SwiftUI makes it dangerously easy to write code that works but runs like garbage:

  • Cut out redundant state updates—every wasted render drains battery and frustrates users
  • Optimize list performance—stable IDs and consistent structure make scrolling feel native
  • Downsample images intelligently—optional, but can save you from embarrassing memory crashes

Why This Skill Hits Different

We made some deliberate choices that set this apart from other AI code generation attempts:

We're Not Opinionated (Where It Doesn't Matter)
The skill focuses on correctness and modern APIs—not forcing some specific architecture or code style down your throat.

MVVM, TCA, VIPER, whatever—we don't care, we just make sure your SwiftUI code is solid regardless of how you structure your app.

Use your team's patterns. We'll make sure the SwiftUI part works.

We're Aggressively Modern
The skill actively hunts down deprecated APIs and replaces them with current best practices, it knows NavigationView is legacy.

It knows iOS 18 shipped better patterns for common tasks, AI won't accidentally generate outdated code because we keep the knowledge base current.

When Apple ships new APIs, we update the skill.

We Respect Intelligence
We wrote this assuming the AI agent isn't stupid—it just needs context, No lengthy explanations, No treating it like a beginner.

Just practical checklists, common pitfalls, and the gotchas that every SwiftUI developer learns the hard way.
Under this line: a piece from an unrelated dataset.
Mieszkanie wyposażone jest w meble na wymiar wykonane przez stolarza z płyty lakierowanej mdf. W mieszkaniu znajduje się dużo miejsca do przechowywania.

It's like having a senior dev pair programming with AI—quick feedback, actionable advice, no fluff.

// Skill Structure

swiftui-expert-skill/
  SKILL.md
  references/
    image-optimization.md - AsyncImage usage, downsampling, caching
    layout-best-practices.md - Layout patterns and GeometryReader alternatives
    liquid-glass.md - iOS 26+ glass effects and fallback patterns
    list-patterns.md - ForEach identity and list performance
    modern-apis.md - Deprecated API replacements
    performance-patterns.md - Hot-path optimizations and update control
    scroll-patterns.md - ScrollViewReader and programmatic scrolling
    sheet-navigation-patterns.md - Sheets and type-safe navigation
    state-management.md - Property wrapper selection and data flow
    text-formatting.md - Modern Text formatting and string utilities
    view-structure.md - View extraction and composition patterns

The difference is night and day, When an AI agent uses swiftui-expert-skill it generates code that:

  • Follows Swift 6 concurrency best practices
  • Uses modern SwiftUI patterns (not deprecated APIs)
  • Implements proper error handling
  • Considers accessibility from the start
  • Matches production code quality standards

It's like having a senior SwiftUI engineer reviewing every piece of AI-generated code before it reaches you.
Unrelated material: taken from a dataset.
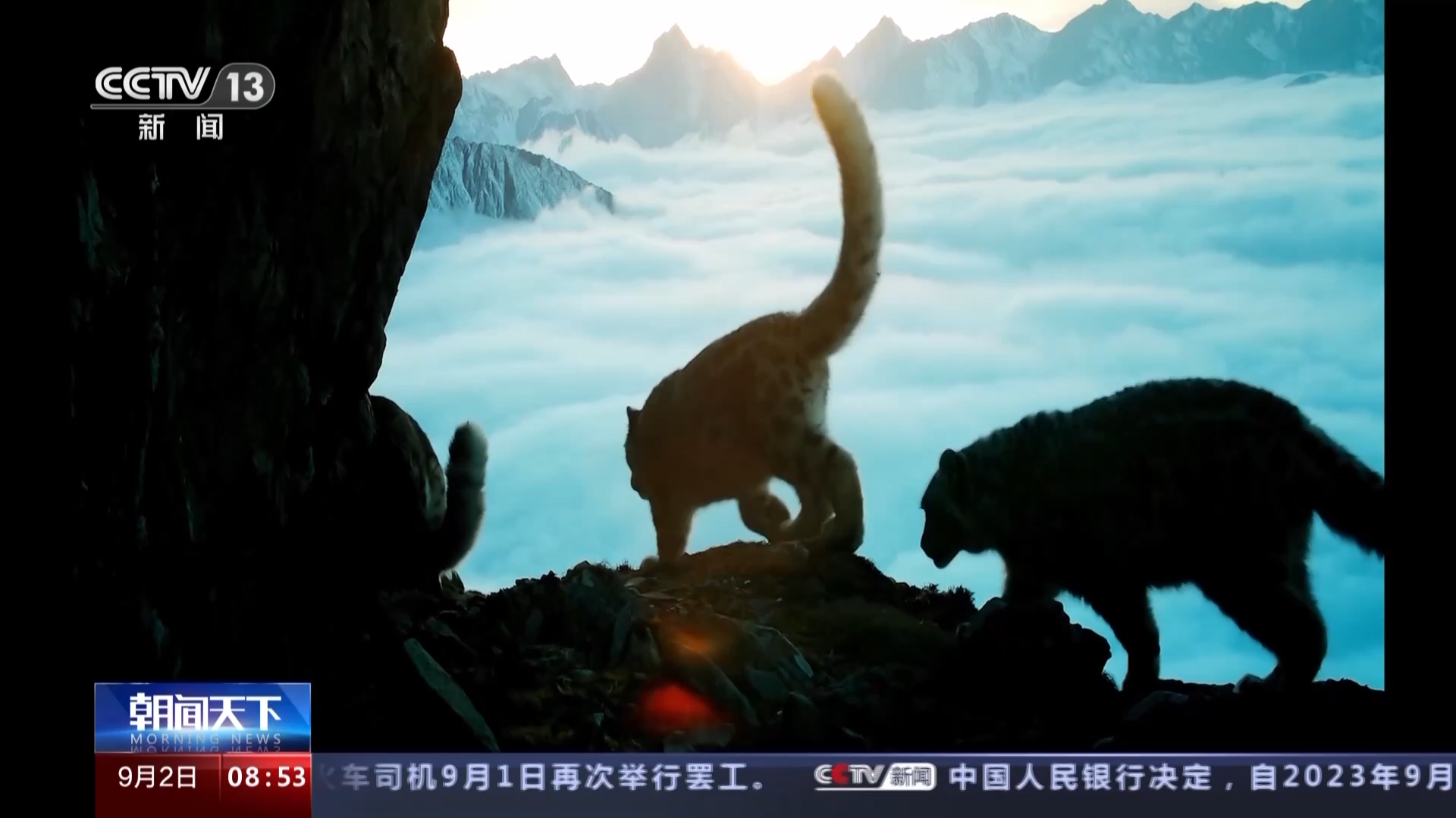 另一個畫面中,一隻毛茸茸的雪豹闊步走進了白色大熊貓的棲息地。這隻雪豹被記錄到多年、多次繁育。目前,它帶着三隻幼崽居住在白色大熊貓棲息地附近的巖洞中,經常被紅外相機拍攝到一家結伴外出,漫步在羣山之巔,白雲之上。

Conclusion: Partnership, Not Replacement

Here's what I learned from this journey, AI isn't replacing engineers it's amplifying the engineers who know how to teach it.

The fear I had about skill degradation was backwards, Creating agent skills made me a better engineer because:

  1. I had to articulate my knowledge clearly - Writing skills forced me to think deeply about why I do things certain ways
  2. I stayed current with best practices - Maintaining skills meant staying on top of SwiftUI updates
  3. I learned from others - Collaborating with Twan exposed me to patterns I hadn't considered
  4. I scaled my impact - My knowledge could now help thousands of developers through the skill

The engineers who will thrive in the AI era aren't the ones who reject it or blindly accept it.

They're the ones who shape it, teach it, and contribute to making it better.

So if you're still on the fence about AI, I get it, I was there too.

But consider this: What if instead of worrying about AI replacing you, you focused on teaching AI to think like you?

Your expertise is valuable. Your patterns matter. Your standards are worth encoding.

And the beautiful part? Once you encode them, they become a gift to the entire community.

Check out swiftui-expert-skill and let me know what you think. Better yet, contribute and help make AI-agent generates even better SwiftUI code.

The future isn't human vs. AI. It's human + AI, working together to build better software.

And honestly? That's a future I'm excited to be part of.